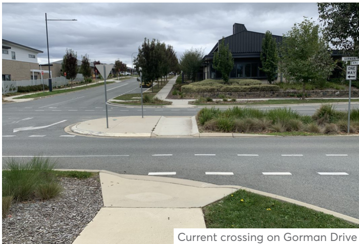
Current crossing on Gorman Drive

The works will include installing a 'wombat' crossing, widening and raising the centre median and installing 25km/h speed hump signs on both sides of the crossing.
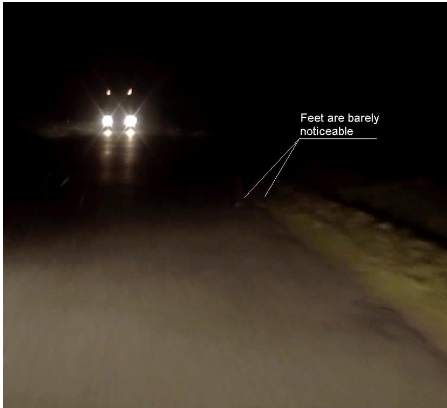
Fot. 1. Real situation. By using typical passing beam pedestrians wearing dark clothes can be seen only at very close distance.

When vehicles pass in the opposing direction, drivers are exposed to headlamp glare. Visibility is impaired. Also, the practical road illumination distance of passing beams adjusted according requirements of Reg. 48 can be limited to 20-50 m. It is illustrated on Fot.1.
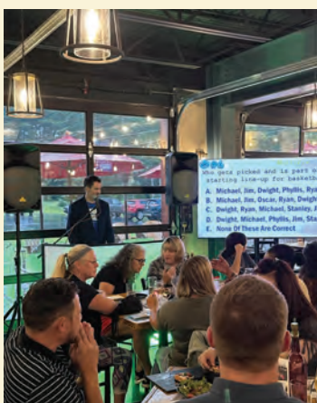
LIVE GAMES Pricing Varies

We will hire a Live Musician for your event that has been vetted by our trusted provider. Musician will play for the duration of your event ( min 3 hrs, max 4 hrs., including one 15-minute break per hour )
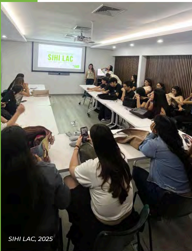
SIHI LAC, 2025
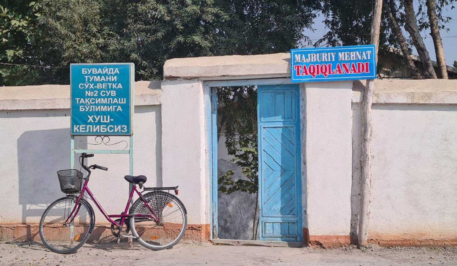
September 2022, Buvayda district, Fergana region. Poster at the entrance of the district water distribution organization: "Forced labor is prohibited".

The protocol reveals that comprehensive control over the cotton harvest is strictly centralized. For this purpose, "the Republican Information Center" (and its district and regional departments) was established "to coordinate, record, and analyze the ongoing work on the organization of the 2022 cotton harvest, as well as to promptly solve any problems that may arise."

= = = = =

◆ **Work instruction**:
Compute the number of lines in the entries above that hold the word "district"; the answer must contain nothing else.

◆ **Answer**:
2